After its formation, the Quartet quickly became established as one of the foremost British ensembles, with frequent foreign tours supported by recordings on the Waverley label, subsequently subsumed by EMI. Having worked closely with Michael Tippett, the Edinburgh Quartet’s recording of Quartet No 1 was selected by the composer for re-release shortly before his death Close relationships were established with some of the most distinguished composers of the time (still very much a priority of the present players, who are proud to have James MacMillan as patron).
Indeed, their work in this field earned them the first PRS award from the Scottish Society of Composers. Kenneth Leighton, who himself became Reid Professor at Edinburgh, and Hans Gal (a wonderful Viennese musician, composer and academic who settled in Edinburgh in the 1930s) worked intimately with the Edinburgh Quartet in the preparation and performance of their works. Plans are in hand to record the complete chamber music of both of these composers, along with pieces by many of the other Scottish composers who have been championed by the Edinburgh Quartet over the decades.
Foreign tours soon became a frequent feature of the Quartet’s season. In addition to regular journeys to European countries and the USA, the Edinburgh Quartet toured extensively not only through South America but also to many of the Caribbean islands in the 1960s and early 70s – extremely enjoyable tours which were also pioneering expeditions to many areas which had not experienced this sort of music before.

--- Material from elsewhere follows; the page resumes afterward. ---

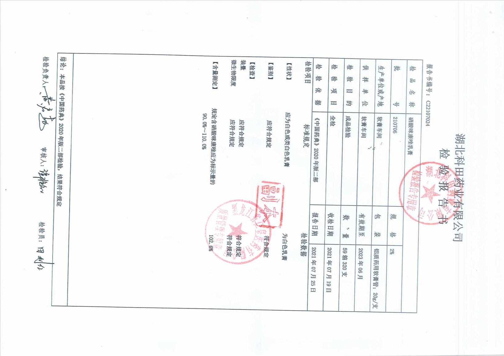 硝酸咪康唑乳膏210

The 1980s saw the Quartet playing regularly behind the Iron Curtain, with tours of Poland, Russia, Yugoslavia, and the Baltic States Latvia, Lithuania and Estonia. In this decade, the Edinburgh Quartet also began their work in the Middle East, with frequent and fascinating trips to most of the countries around the Gulf in addition to the nearer civilisations of Lebanon, Egypt, Jordan, Syria etc. The Quartet worked each year as mentors to the Royal Oman Symphony Orchestra (most memorably in 1996, when, with Yehudi Menuhin as colleague, they prepared the orchestra for a performance at the Royal Oman Auditorium. Menuhin was conductor and the quartet members soloists.) These international musical connections are still active, and have been enriched in recent years by the Quartet’s regular visits to the islands of Cyprus and Malta.

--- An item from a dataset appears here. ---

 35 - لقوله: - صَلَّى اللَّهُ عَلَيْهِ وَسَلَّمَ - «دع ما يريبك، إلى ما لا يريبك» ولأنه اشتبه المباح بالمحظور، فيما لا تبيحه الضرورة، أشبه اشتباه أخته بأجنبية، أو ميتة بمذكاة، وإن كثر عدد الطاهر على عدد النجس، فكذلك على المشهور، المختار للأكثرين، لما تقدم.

In addition to fulfilling their regular series of engagements over a wide area, the players are more involved than most string quartets in the promotion of chamber music, playing both in Scotland’s cities and throughout the county’s rural areas. Regular performances are given at Edinburgh’s Queens Hall. Major works of the quartet repertoire are toured to the remotest locations of the Highlands and Islands, providing an intimate and complete musical experience to communities that may otherwise receive only scaled-down performances by larger companies, or perhaps no music at all.
This outreach work has always been linked to the Edinburgh Quartet’s educational programmes; master classes and workshops in music schools, conservatoires and universities, along with summer schools for Shell Expro, Scottish Amateur Music Association, etc, have contributed hugely over the years to the musical development of Scotland’s young and old alike.